Work required: Would you transcribe the records below exactly, omitting every picture?

Data for review: Begin

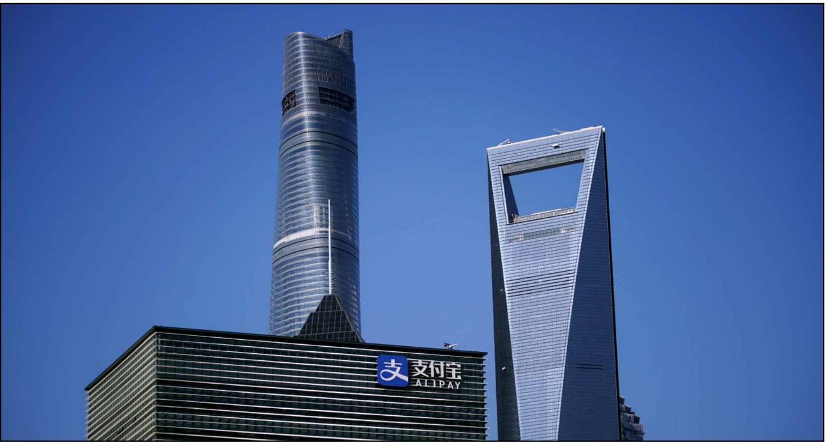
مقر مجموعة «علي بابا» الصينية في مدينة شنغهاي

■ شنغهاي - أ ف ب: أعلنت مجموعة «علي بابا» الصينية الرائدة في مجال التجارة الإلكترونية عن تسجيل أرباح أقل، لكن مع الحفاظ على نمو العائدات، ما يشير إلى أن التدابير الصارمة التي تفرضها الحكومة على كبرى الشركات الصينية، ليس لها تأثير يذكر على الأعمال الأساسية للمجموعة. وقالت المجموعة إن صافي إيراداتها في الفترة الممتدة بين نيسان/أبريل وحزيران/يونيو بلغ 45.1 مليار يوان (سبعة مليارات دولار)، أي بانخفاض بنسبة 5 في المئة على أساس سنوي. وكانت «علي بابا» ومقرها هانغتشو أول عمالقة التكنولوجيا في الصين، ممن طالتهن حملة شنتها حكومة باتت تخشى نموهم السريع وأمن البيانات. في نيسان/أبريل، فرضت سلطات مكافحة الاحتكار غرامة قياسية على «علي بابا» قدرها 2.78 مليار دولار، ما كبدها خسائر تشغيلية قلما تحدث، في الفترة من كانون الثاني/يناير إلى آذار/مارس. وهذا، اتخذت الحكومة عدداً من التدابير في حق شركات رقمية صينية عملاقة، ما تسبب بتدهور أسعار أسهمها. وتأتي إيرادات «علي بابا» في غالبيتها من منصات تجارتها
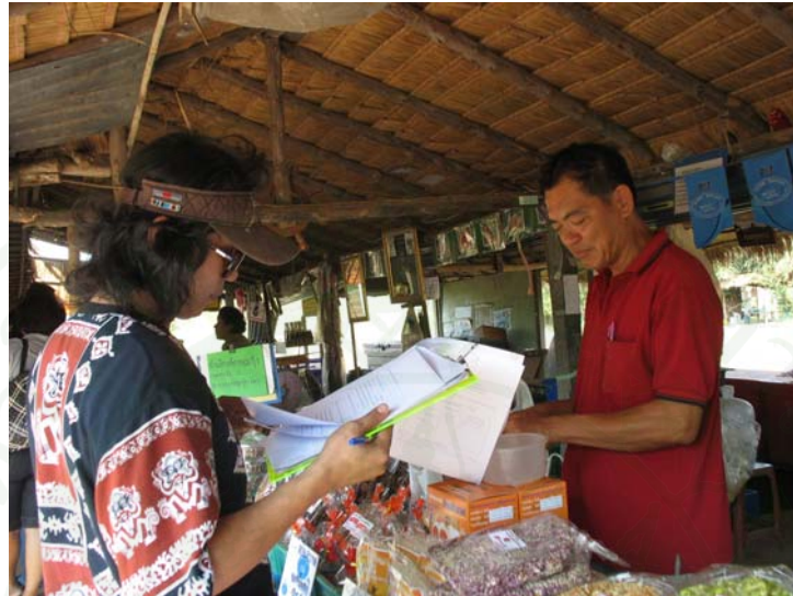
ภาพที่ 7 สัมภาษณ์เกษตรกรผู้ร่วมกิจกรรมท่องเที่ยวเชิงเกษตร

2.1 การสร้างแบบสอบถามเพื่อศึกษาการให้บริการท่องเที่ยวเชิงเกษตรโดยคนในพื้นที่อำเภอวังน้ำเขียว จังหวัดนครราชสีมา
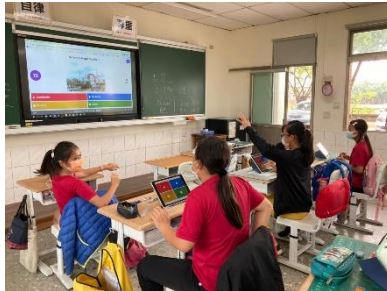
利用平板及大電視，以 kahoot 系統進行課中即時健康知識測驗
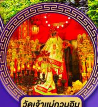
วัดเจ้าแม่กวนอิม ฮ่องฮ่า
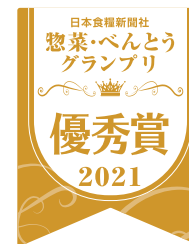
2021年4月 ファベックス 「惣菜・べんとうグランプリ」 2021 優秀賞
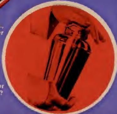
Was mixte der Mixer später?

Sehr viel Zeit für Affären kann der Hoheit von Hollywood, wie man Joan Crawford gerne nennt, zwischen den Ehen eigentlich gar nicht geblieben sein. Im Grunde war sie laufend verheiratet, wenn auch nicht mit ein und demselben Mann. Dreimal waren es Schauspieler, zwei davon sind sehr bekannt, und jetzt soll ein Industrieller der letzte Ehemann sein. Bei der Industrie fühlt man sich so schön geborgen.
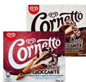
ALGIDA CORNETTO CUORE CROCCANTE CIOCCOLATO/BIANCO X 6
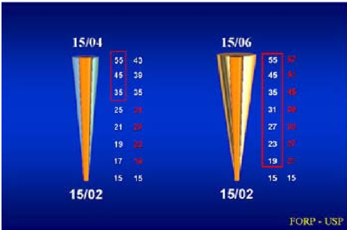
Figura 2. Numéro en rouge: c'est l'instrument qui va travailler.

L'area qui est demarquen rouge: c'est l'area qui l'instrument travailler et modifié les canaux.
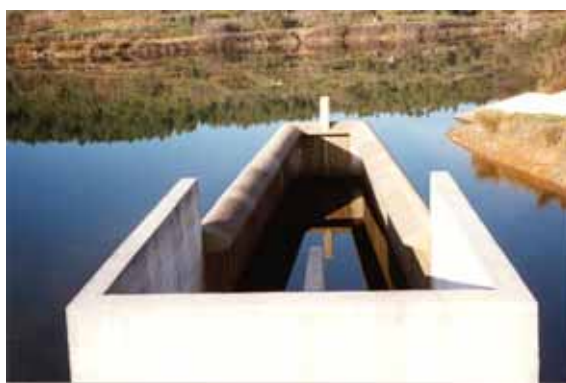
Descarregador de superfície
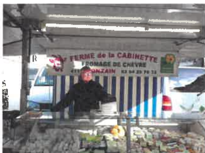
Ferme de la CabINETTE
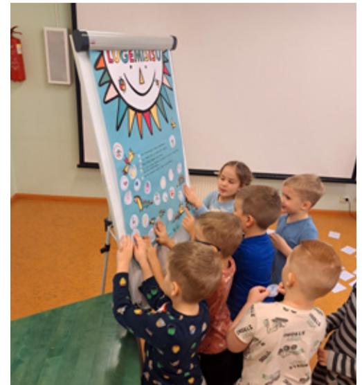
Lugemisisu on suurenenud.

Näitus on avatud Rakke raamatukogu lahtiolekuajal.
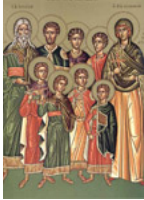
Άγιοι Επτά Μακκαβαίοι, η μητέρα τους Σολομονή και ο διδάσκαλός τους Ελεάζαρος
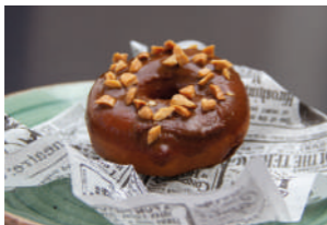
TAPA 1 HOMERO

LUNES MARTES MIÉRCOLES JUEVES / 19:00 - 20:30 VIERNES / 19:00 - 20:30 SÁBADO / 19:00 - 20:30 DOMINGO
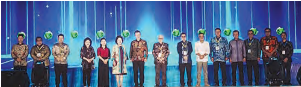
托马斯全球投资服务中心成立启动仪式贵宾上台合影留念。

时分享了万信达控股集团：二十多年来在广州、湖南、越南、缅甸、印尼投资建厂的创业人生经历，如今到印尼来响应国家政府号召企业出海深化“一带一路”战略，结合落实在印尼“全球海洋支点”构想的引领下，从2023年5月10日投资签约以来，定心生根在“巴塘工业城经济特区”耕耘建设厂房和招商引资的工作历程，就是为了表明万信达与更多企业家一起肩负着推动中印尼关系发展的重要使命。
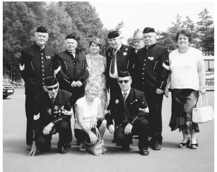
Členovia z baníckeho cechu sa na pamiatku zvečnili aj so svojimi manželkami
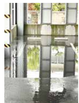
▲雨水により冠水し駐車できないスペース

Data for review: End

Answer to this exercise:
مقر مجموعة «علي بابا» الصينية في مدينة شنغهاي

■ شنغهاي - أ ف ب: أعلنت مجموعة «علي بابا» الصينية الرائدة في مجال التجارة الإلكترونية عن تسجيل أرباح أقل، لكن مع الحفاظ على نمو العائدات، ما يشير إلى أن التدابير الصارمة التي تفرضها الحكومة على كبرى الشركات الصينية، ليس لها تأثير يذكر على الأعمال الأساسية للمجموعة. وقالت المجموعة إن صافي إيراداتها في الفترة الممتدة بين نيسان/أبريل وحزيران/يونيو بلغ 45.1 مليار يوان (سبعة مليارات دولار)، أي بانخفاض بنسبة 5 في المئة على أساس سنوي. وكانت «علي بابا» ومقرها هانغتشو أول عمالقة التكنولوجيا في الصين، ممن طالتهن حملة شنتها حكومة باتت تخشى نموهم السريع وأمن البيانات. في نيسان/أبريل، فرضت سلطات مكافحة الاحتكار غرامة قياسية على «علي بابا» قدرها 2.78 مليار دولار، ما كبدها خسائر تشغيلية قلما تحدث، في الفترة من كانون الثاني/يناير إلى آذار/مارس. وهذا، اتخذت الحكومة عدداً من التدابير في حق شركات رقمية صينية عملاقة، ما تسبب بتدهور أسعار أسهمها. وتأتي إيرادات «علي بابا» في غالبيتها من منصات تجارتها
ภาพที่ 7 สัมภาษณ์เกษตรกรผู้ร่วมกิจกรรมท่องเที่ยวเชิงเกษตร

2.1 การสร้างแบบสอบถามเพื่อศึกษาการให้บริการท่องเที่ยวเชิงเกษตรโดยคนในพื้นที่อำเภอวังน้ำเขียว จังหวัดนครราชสีมา
利用平板及大電視，以 kahoot 系統進行課中即時健康知識測驗
วัดเจ้าแม่กวนอิม ฮ่องฮ่า
2021年4月 ファベックス 「惣菜・べんとうグランプリ」 2021 優秀賞
Was mixte der Mixer später?

Sehr viel Zeit für Affären kann der Hoheit von Hollywood, wie man Joan Crawford gerne nennt, zwischen den Ehen eigentlich gar nicht geblieben sein. Im Grunde war sie laufend verheiratet, wenn auch nicht mit ein und demselben Mann. Dreimal waren es Schauspieler, zwei davon sind sehr bekannt, und jetzt soll ein Industrieller der letzte Ehemann sein. Bei der Industrie fühlt man sich so schön geborgen.
ALGIDA CORNETTO CUORE CROCCANTE CIOCCOLATO/BIANCO X 6
Figura 2. Numéro en rouge: c'est l'instrument qui va travailler.

L'area qui est demarquen rouge: c'est l'area qui l'instrument travailler et modifié les canaux.
Descarregador de superfície
Ferme de la CabINETTE
Lugemisisu on suurenenud.

Näitus on avatud Rakke raamatukogu lahtiolekuajal.
Άγιοι Επτά Μακκαβαίοι, η μητέρα τους Σολομονή και ο διδάσκαλός τους Ελεάζαρος
TAPA 1 HOMERO

LUNES MARTES MIÉRCOLES JUEVES / 19:00 - 20:30 VIERNES / 19:00 - 20:30 SÁBADO / 19:00 - 20:30 DOMINGO
托马斯全球投资服务中心成立启动仪式贵宾上台合影留念。

时分享了万信达控股集团：二十多年来在广州、湖南、越南、缅甸、印尼投资建厂的创业人生经历，如今到印尼来响应国家政府号召企业出海深化“一带一路”战略，结合落实在印尼“全球海洋支点”构想的引领下，从2023年5月10日投资签约以来，定心生根在“巴塘工业城经济特区”耕耘建设厂房和招商引资的工作历程，就是为了表明万信达与更多企业家一起肩负着推动中印尼关系发展的重要使命。
Členovia z baníckeho cechu sa na pamiatku zvečnili aj so svojimi manželkami
▲雨水により冠水し駐車できないスペース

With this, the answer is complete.